Nelayan Trawl Batubara Nekat Terobos Perairan Sergai

M. Syafi’i bersama kapal trawl

TANJUNGBERINGIN-M24 | Nelayan kapal trawl asal Batubara, nekat menerobos perairan Sergai. Ini dilakukan karena di wilayahnya ikan sudah sulit untuk dijaring.

Kapal bermesin dongfeng 30 PK itu diamankan Satpolair Polres Sergai sekitar 2 mil dari bibir Pantai Merdeka, Desa Bagan Kuala, Kec Tanjung Beringin, Sergai Rabu (3/10) sekira pukul 12:45 WIB. Dari penangkapan itu diamankan 1 tekong dan 2 anak buah kapal (ABK) serta hasil tangkapan.

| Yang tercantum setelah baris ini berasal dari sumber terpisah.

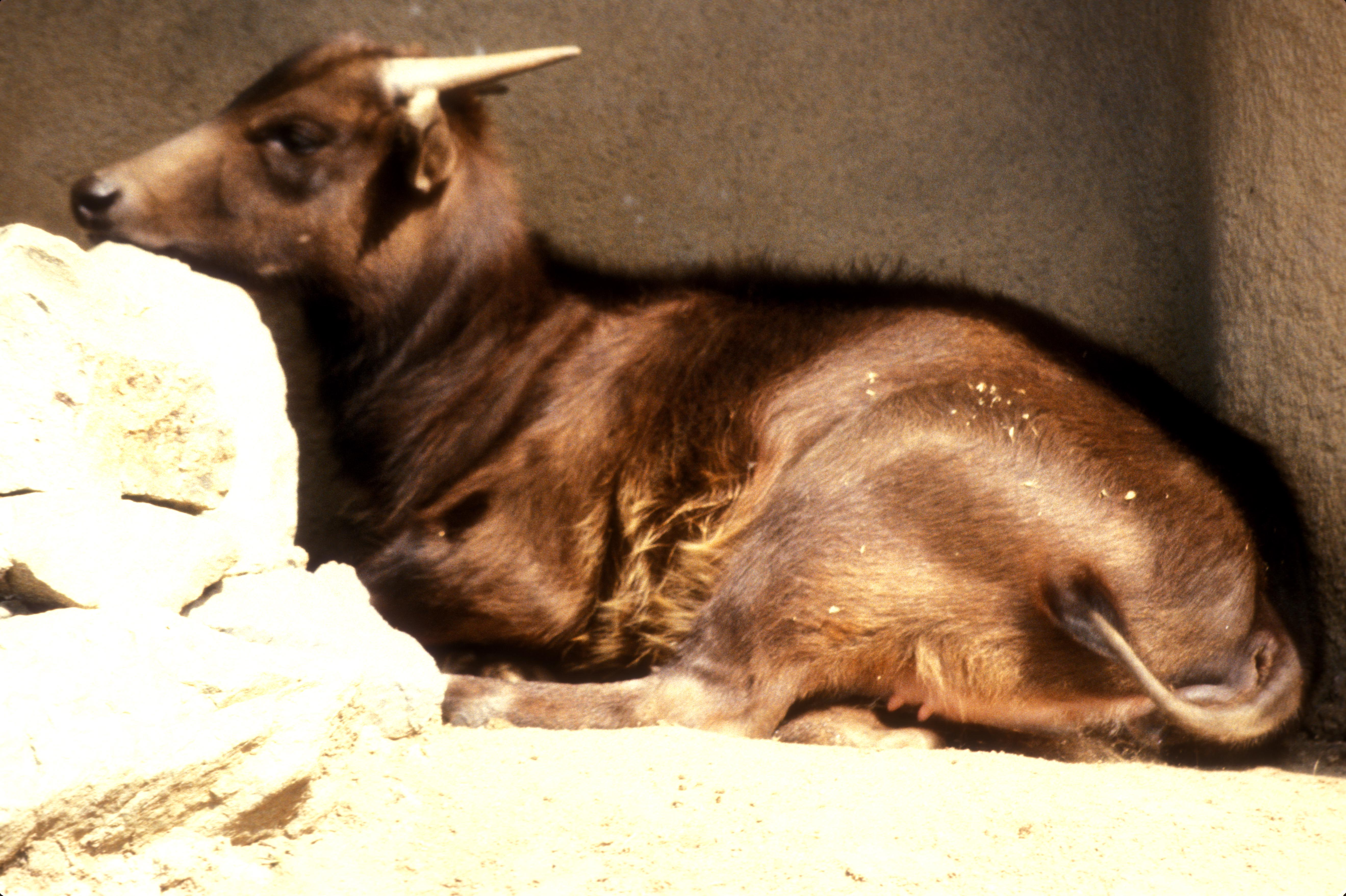 MOUNTAIN INOA - RARE ENDANGERED SPECIES FROM INDONESIA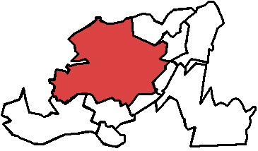 Maps based on images by Earl Warren, from the 2007 elections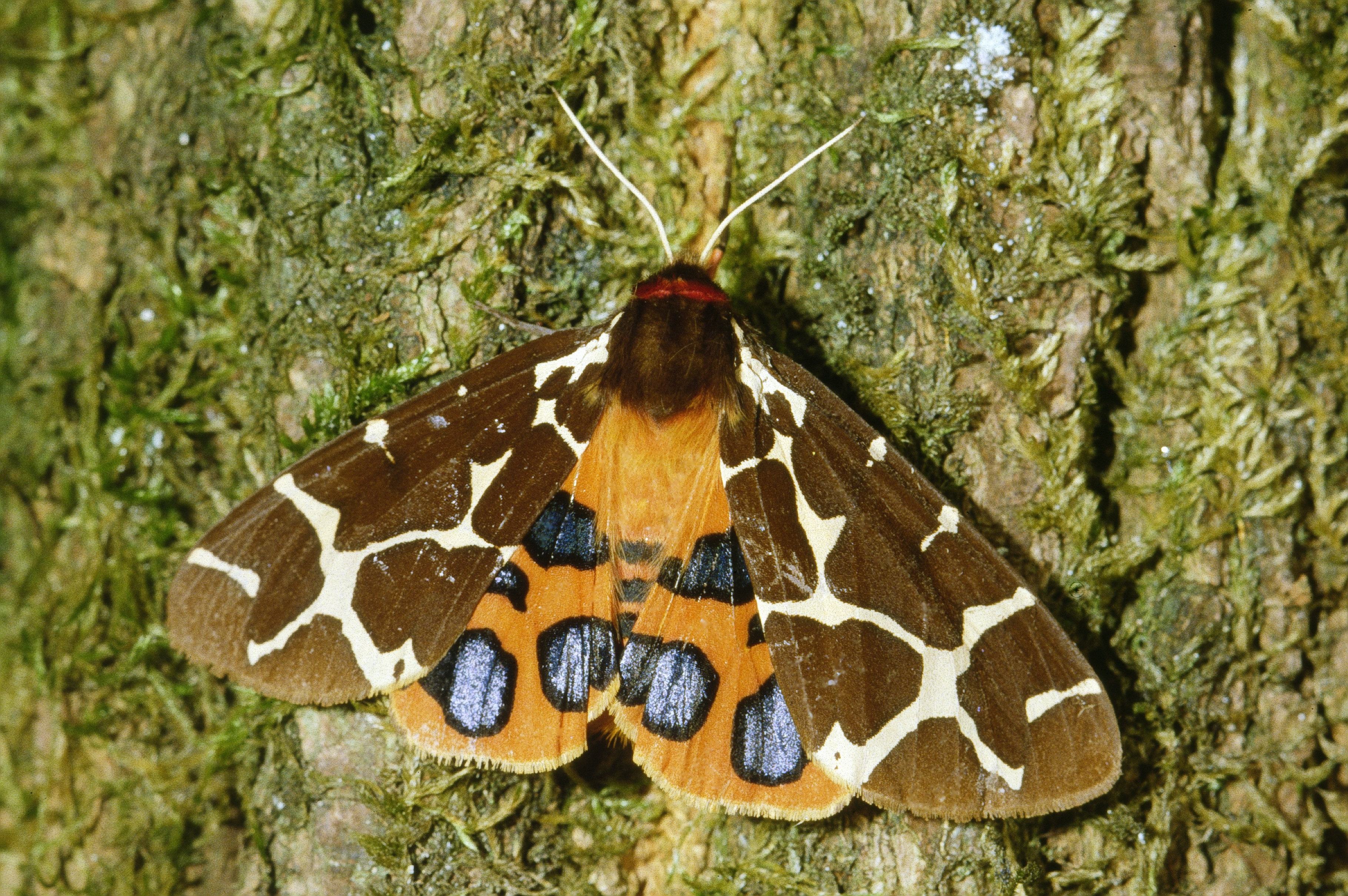 Arctia caja taken in Calvados (France 14)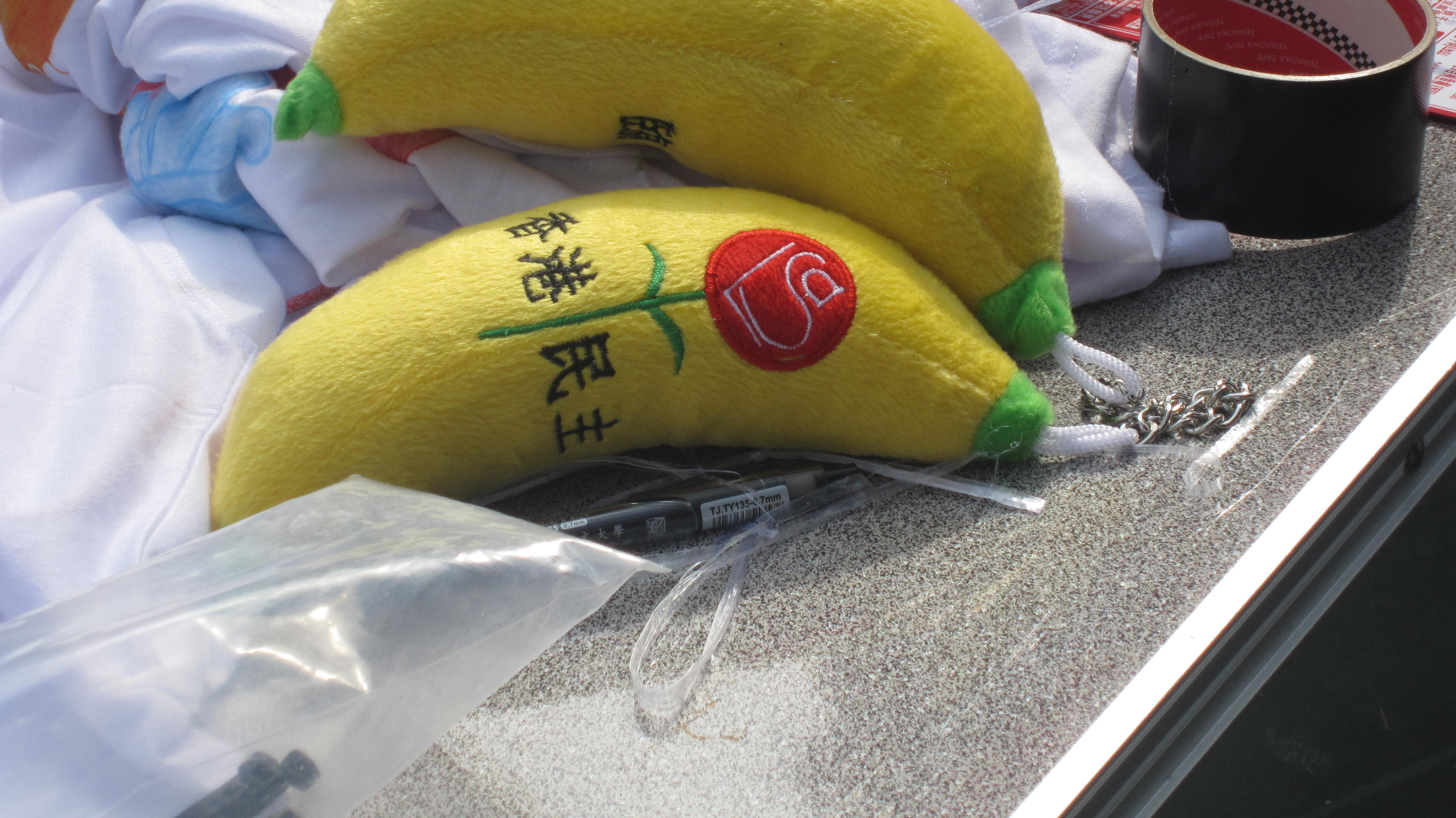 League of Social Democrats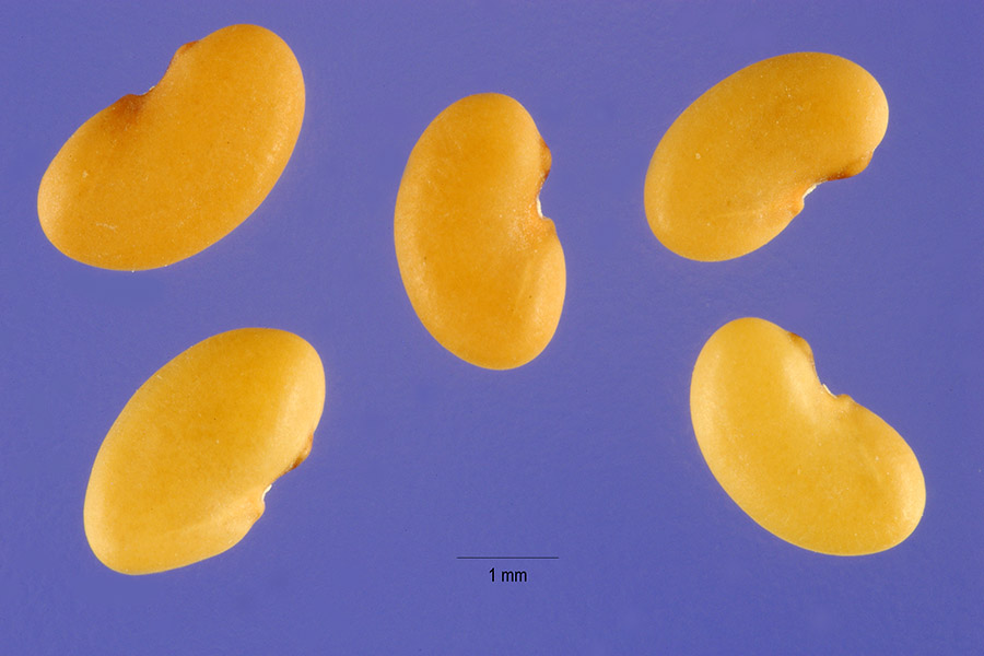 Photograph of Medicago polymorpha seeds.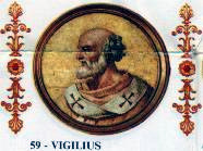 Pope Vigilius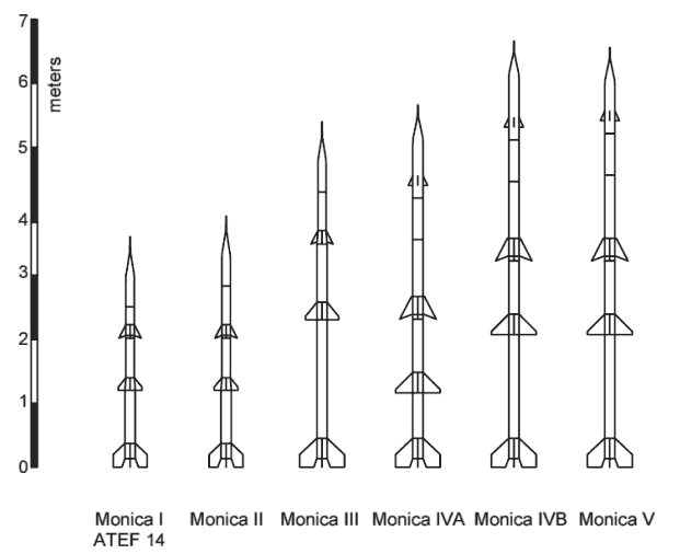 Monica rocket family scheme.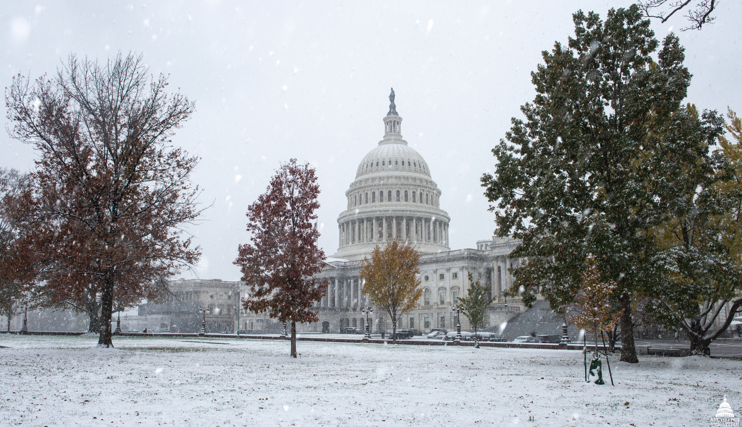 A seasonal blend of autumn and winter as the U.S. Capitol saw snowfall on November 15, 2018. This official Architect of the Capitol photograph is being made available for educational, scholarly, news or personal purposes (not advertising or any other commercial use). When any of these images is used the photographic credit line should read “Architect of the Capitol.” These images may not be used in any way that would imply endorsement by the Architect of the Capitol or the United States Congress of a product, service or point of view. For more information visit . Reference: 489425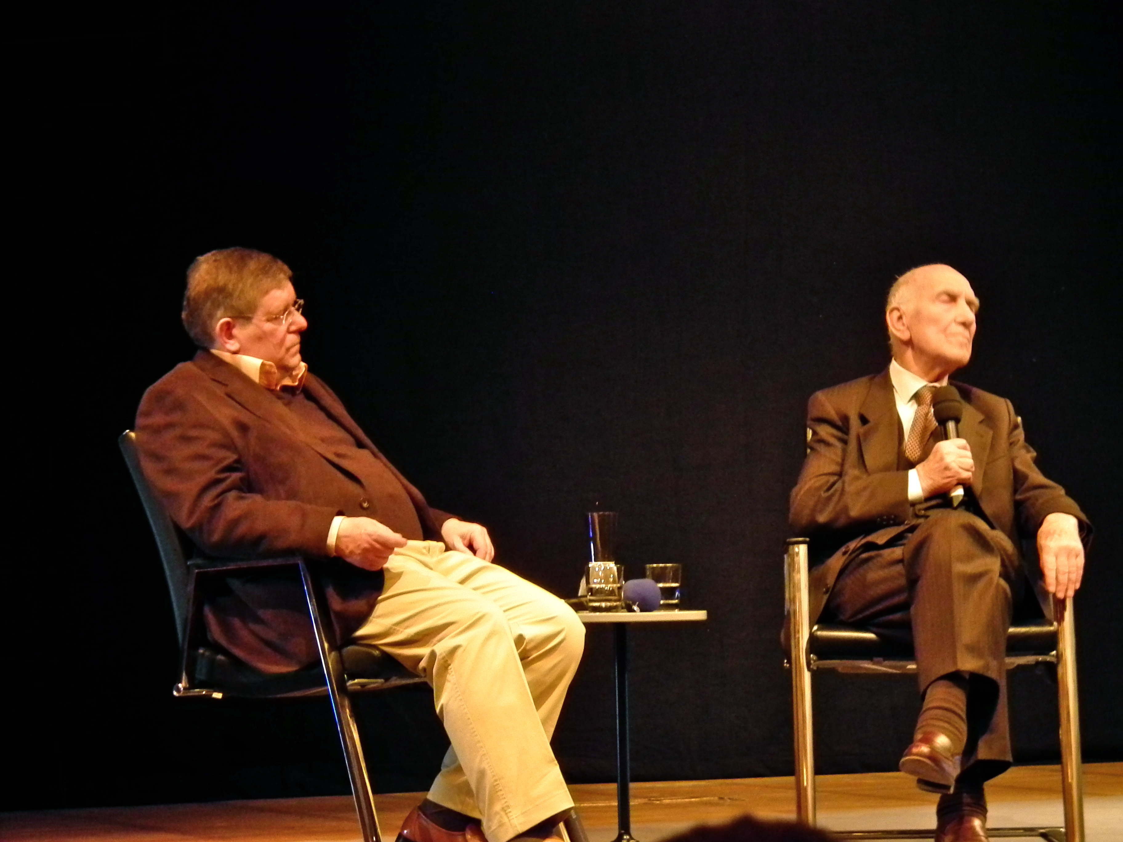 Manfred Fluegge and Stéphane Hessel at a reading during the Lit.Cologne 2012

Informasi dihimpun M24, kapal dinakhodai M Syafi’i(32) warga Ling I Simpang Limun, Kel Pangkalan Dodek, Kec Medang Deras, Batubara bersama dua ABK yakni Anafi (36) dan Salman (17), keduanya warga Ling IV dan VI, Kel Medang Deras. Mereka melaut dari Batubara sekira pukul 05:00 WIB. Selanjutnya memasuki perairan Bedagai. Nelayan tradisional yang menangkap ikan di perairan itu melaporkan ke Sat Pol Air Polres Sergai.
Selanjutnya, petugas menggunakan kapal cepat KP2029 melakukan patroli di perairan Bedagai. Tepatnya di poisisi 03-33-150 LU dan 99-13-315 BT arah barat sekitar 2 mil dari bibir pantai, petugas memergoki kapal yang dinakhodai Safi’i. Kapal berikut barang bukti digiring ke dermaga Satpolair di Desa Tebing Tinggi, Tanjung Beringin.

Loading...

Syafi’i mengaku sudah 5 bulan menjadi nelayan trawl. Kapal itu merupakan milik bosnya. Ia mengatahui jika alat yang digunakannya melanggar Pasal 85 UU No. 45/2009 tentang perikanan. Dia tetap nekat menggunakan alat itu demi istri dan dua anaknya.
Ditambahkannya, di perairan Batubara ikan sudah tidak ada. Oleh sebab itu, mereka masuk ke perairan Bedagai. “Masih banyak nelayan Batubara pakai trawl, makanya saya berani,” ucapnya.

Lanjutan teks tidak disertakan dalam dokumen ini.